Linux Security
    Linux Security
    Linux Security

    RedHat: RHSA-2021-0037:01 Moderate: OpenShift Container Platform 4.6.12 bug

    Date 18 Jan 2021
    455
    Posted By LinuxSecurity Advisories
    Red Hat OpenShift Container Platform release 4.6.12 is now available with updates to packages and images that fix several bugs. This release includes a security update for Red Hat OpenShift Container Platform 4.6.
    -----BEGIN PGP SIGNED MESSAGE-----
    Hash: SHA256
    
    =====================================================================
                       Red Hat Security Advisory
    
    Synopsis:          Moderate: OpenShift Container Platform 4.6.12 bug fix and security update
    Advisory ID:       RHSA-2021:0037-01
    Product:           Red Hat OpenShift Enterprise
    Advisory URL:      https://access.redhat.com/errata/RHSA-2021:0037
    Issue date:        2021-01-18
    CVE Names:         CVE-2020-1971 CVE-2020-2304 CVE-2020-2305 
                       CVE-2020-2306 CVE-2020-2307 CVE-2020-2308 
                       CVE-2020-2309 CVE-2020-2574 CVE-2020-2752 
                       CVE-2020-2922 CVE-2020-8177 CVE-2020-8566 
                       CVE-2020-13249 CVE-2020-25641 CVE-2020-25694 
                       CVE-2020-25696 CVE-2020-28362 
    =====================================================================
    
    1. Summary:
    
    Red Hat OpenShift Container Platform release 4.6.12 is now available with
    updates to packages and images that fix several bugs.
    
    This release includes a security update for Red Hat OpenShift Container
    Platform 4.6.
    
    Red Hat Product Security has rated this update as having a security impact
    of Moderate.

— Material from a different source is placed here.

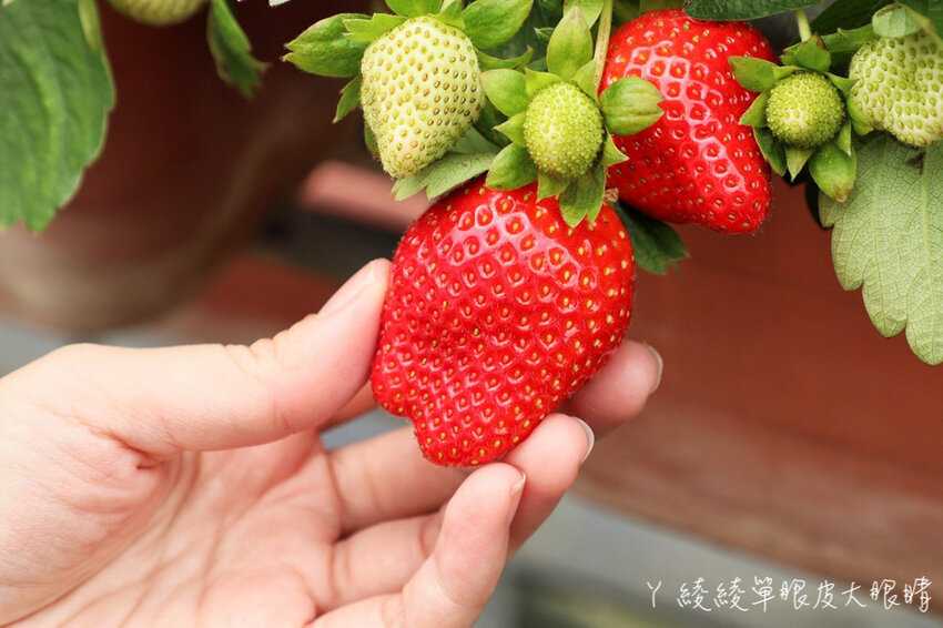 草莓顏色轉紅之後,大小就是固定的了,不會再變大顆了~老闆娘說想要品嘗香甜草莓,記得要採整顆紅色的草莓風味最好,如果還沒紅透就先不要摘嘿!至於大小就不拘哦!
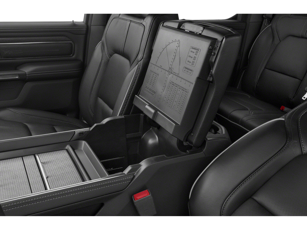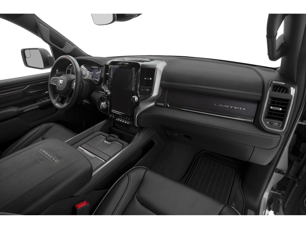 1-Yr SiriusXM Guardian Trial, 10 Speakers, 3.21 Rear Axle Ratio, 3.92 Rear Axle Ratio, 4-Wheel Disc Brakes, 48V Belt Starter Generator, 4G LTE Wi-Fi Hot Spot, ABS brakes, Accent Color Premium Power Mirrors, Adaptive Cruise Control w/Stop & Go, Adjustable pedals, Air Conditioning, Alloy wheels, AM/FM radio: SiriusXM with 360L, Anti-Spin Differential Rear Axle, Apple CarPlay, Apple CarPlay/Android Auto, Audio memory, Auto High-beam Headlights, Auto-dimming door mirrors, Auto-dimming Rear-View mirror, Auto-leveling suspension, Automatic temperature control, Black Day Light Opening Moldings, Black Exterior Truck Badging, Black Grille Surround Texture 7 Chrome, Black Headlamp Bezels, Black Painted Exterior Mirrors Caps, Body Color Door Handles, Body Color Front Bumper, Body Color Rear Bumper w/Step Pads, Bodyside moldings, Brake assist, Bumpers: chrome, Chrome Exterior Mirrors, Compass, Delay-off headlights, Disassociated Touchscreen Display, Dome Dual LED Reading Lamp, Driver door bin, Driver vanity mirror, Dual Exhaust w/Black Tips, Dual front impact airbags, Dual front side impact airbags, Dual-Pane Panoramic Sunroof, Electronic Stability Control, Emergency communication system: SiriusXM Guardian, For More Info, Call 800-643-2112, Front anti-roll bar, Front Bucket Seats, Front Center Armrest w/Storage, Front dual zone A/C, Front fog lights, Front License Plate Bracket, Front reading lights, Front wheel independent suspension, Fully automatic headlights, Garage door transmitter, Genuine wood console insert, Genuine wood dashboard insert, Genuine wood door panel insert, Google Android Auto, GPS Antenna Input, GPS Navigation, harman/kardon 19 Speaker Premium Sound, HD Radio, Heads-Up Display, Heated door mirrors, Heated front seats, Heated rear seats, Heated steering wheel, Illuminated entry, Integrated Center Stack Radio, Integrated Voice Command w/Bluetooth®, Lane Keep Assist, Leather steering wheel, LED CHMSL Lamp, LED Dome/Reading Lamp, Limited Level 1 Equipment Group, Low tire pressure warning, Manufacturer's Statement of Origin, Memory seat, Navigation System, Night Edition, Occupant sensing airbag, Outside temperature display, Overhead airbag, Overhead console, Panic alarm, Parallel & Perp Park Assist w/Stop, ParkView Rear Back-Up Camera, Passenger door bin, Passenger vanity mirror, Pedal memory, Pedestrian Emergency Braking, Power door mirrors, Power driver seat, Power passenger seat, Power steering, Power windows, Premium Leather Trimmed Bucket Seats, Quick Order Package 28M Limited, Radio data system, Radio: Uconnect 12 w/Navigation, Rain sensing wipers, RAM Grille Badge - Black, Rear anti-roll bar, Rear seat center armrest, Rear step bumper, Rear window defroster, Rearview Autodim Digital Display Mirror, Remote keyless entry, Security system, SiriusXM Radio Service, SiriusXM Satellite Radio, SiriusXM Traffic Plus, SiriusXM Travel Link, Speed control, Split folding rear seat, Sport Performance Hood, Steering wheel mounted audio controls, Surround View Camera System, Tachometer, Technology Group, Telescoping steering wheel, Tilt steering wheel, Tow Hooks, Traction control, Trailer Brake Control, Tri-Fold Tonneau Cover, Trip computer, Turn signal indicator mirrors, USB Host Flip, Variably intermittent wipers, Ventilated front seats, Ventilated Rear Seats, Voltmeter, Wheels: 20 x 9 Polished w/Inserts, Wheels: 22 x 9 Black Aluminum.

A Common Vulnerability Scoring System (CVSS) base score, which
    gives a detailed severity rating, is available for each vulnerability from
    the CVE link(s) in the References section.
    
    2. Description:
    
    Red Hat OpenShift Container Platform is Red Hat's cloud computing
    Kubernetes application platform solution designed for on-premise or private
    cloud deployments.
    
    This advisory contains the container images for Red Hat OpenShift Container
    Platform 4.6.12. See the following advisory for the RPM packages for this
    release:
    
    https://access.redhat.com/errata/RHSA-2021:0038
    
    Space precludes documenting all of the container images in this advisory.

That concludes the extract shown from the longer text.